Where, as is usually the case in chronic diseases, various antipsoric remedies are necessary, the more frequent sudden change of them is a sign that the physician has selected neither the one nor the other in an appropriately homoeopathic manner, and had not properly investigated the leading symptoms of the case before prescribing a new remedy. This is a frequent fault into which the homoeopathic physician falls in urgent cases of chronic diseases, but oftener still in acute diseases from overhaste, especially when the patient is a person very dear to his heart. I cannot too urgently warn against this fault.

Then the patient naturally falls into such an irritated state that, as we say, no medicine acts, or shows its effect,* yea, so that the power of response in the patient is in danger of flaring up and expiring at the least further dose of medicine. In such a case no further benefit can be had through medicine, but there may be in use a calming mesmeric stroke made from the crown of the head (on which both the extended hands should rest for about a minute) slowly down over the body, passing over the throat, shoulders, arms, hands, knees and legs down over the feet and toes. This may be repeated if necessary.

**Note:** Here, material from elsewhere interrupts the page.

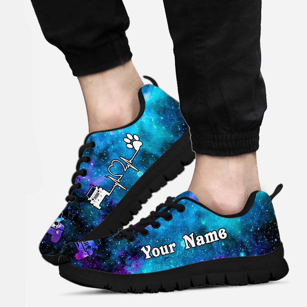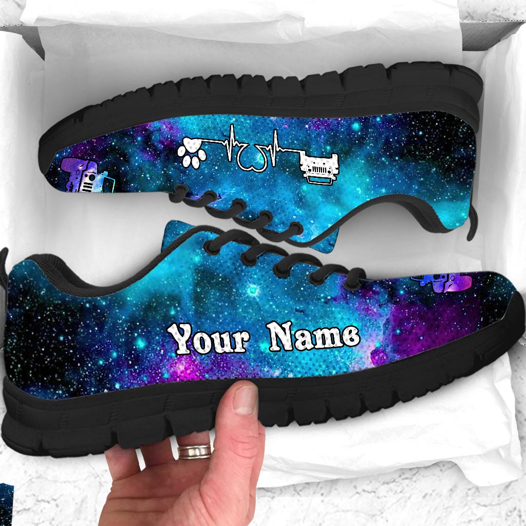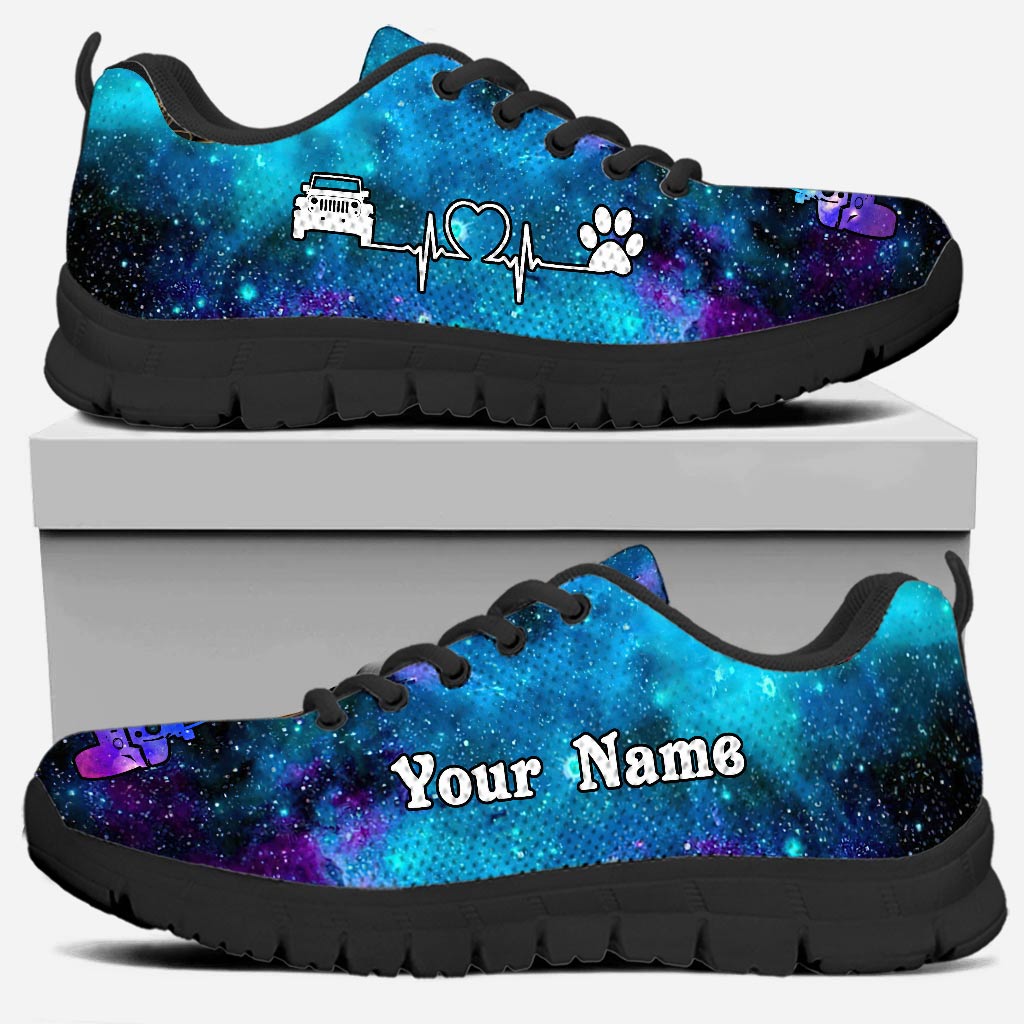 A Girl Her Jp And Her Dog - Personalized Car Sneakers

A dose of homoeopathic medicine may also be moderated and softened by allowing the patient to smell a small pellet moistened with the selected remedy in a high potency, and placed in a vial the mouth of which is held to the nostril of the patient, who draws in only a momentary little whiff of it. By such an inhalation the powers of any potentized medicine may be communicated to the patient in any degree of strength. One or more such medicated pellets, and even those of a larger size may be in the smelling-bottle, and by allowing the patient to take longer or stronger whiffs, the dose may be increased a hundred fold as compared with the smallest first mentioned. The period of action of the power of a potentized medicine taken in by such inhalation and spread over so large a surface (as that of the nostrils and of the lungs) last as long as that of a small massive dose taken through the mouth and the fauces.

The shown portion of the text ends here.